И площадь взорвалась криками одобрения. Заблестели на тусклом зимнем солнце вынутые из ножен сабли, как будто черкасы тут же желали пустить кровь крымцам. Будь здесь хотя бы и сам Джанибек-Герай со всей своей ордой, не уйти ему было с Хортицы живым.

Однако такое воодушевление совсем не уверило Сагайдачного в том, что он уже проиграл. Стоило только уверенному в своей победе Тискиневичу отступить, освобождая место другому, как опальный гетман тут же взобрался на помост.

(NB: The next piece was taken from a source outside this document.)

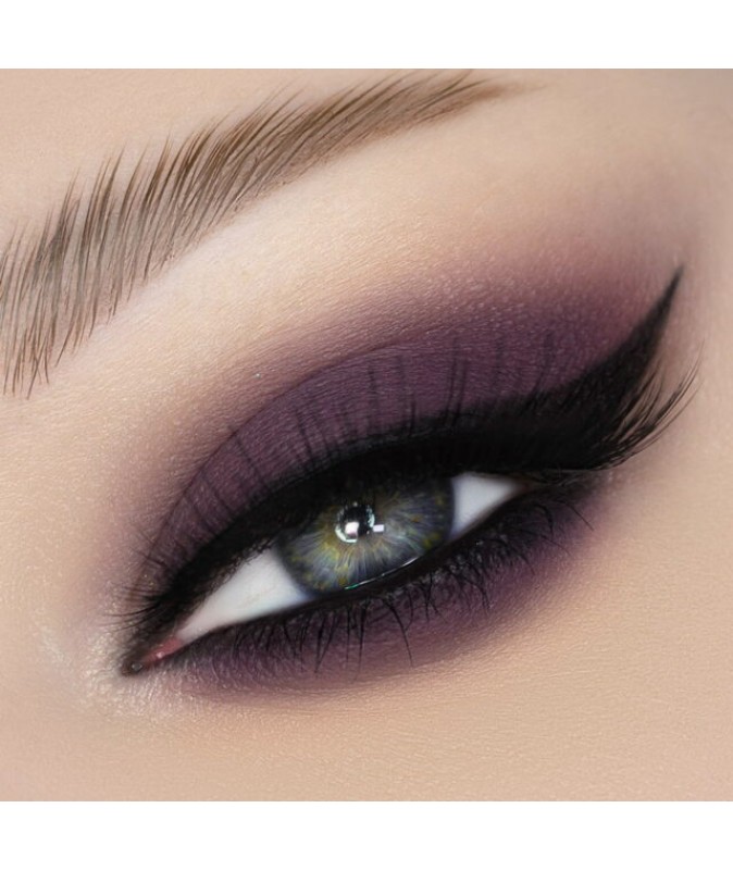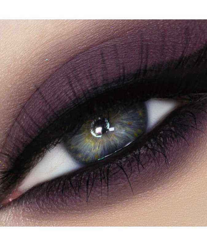 Матовый, сильно пигментированный, яркий оттенок темно-фиолетового цвета. Такой оттенок лучше набивать на веко, наслаивать. Тогда вы добьетесь такого же оттенка, как в рефиле. Можно наносить влажной кистью и делать насыщенные стрелки.

— Что же вы, паны-товарищи, — тут же напустился он на черкасов, — вам отраву в уши льют, а вы и рады. Хлебальники раззявили, как услыхали про ляшские талеры! Кричали вы уже мне: «Не люб ты нам, Сагайдачный!», кричали: «Убирайся прочь!». А я скажу вам вот что, товарищество, не любовником был я для Сечи, потому и не люб стал вам. Вот Тискиневич вам на церковь Покрова Богородицы указывал, стыдил вас, что не даёте на неё денег, а сам-то… — Он сделал эффектную паузу, давая всем додумать что же он имел ввиду, и лишь спустя почти полминуты, когда казаки сами разогрели себя домыслами, продолжил. — Взял деньги у клятых ляхов, хотя сам же себя защитником веры православной выговаривает перед вами! А всяк знает, что на каждом ляшском талере езуит свою метку ставит. И коли попадёт такой на дело православное, тут же езуит тот выскочит и заорёт «Уния! Уния!», и выходит так, что за ними верх. Вот о чём подумайте, паны товарищество.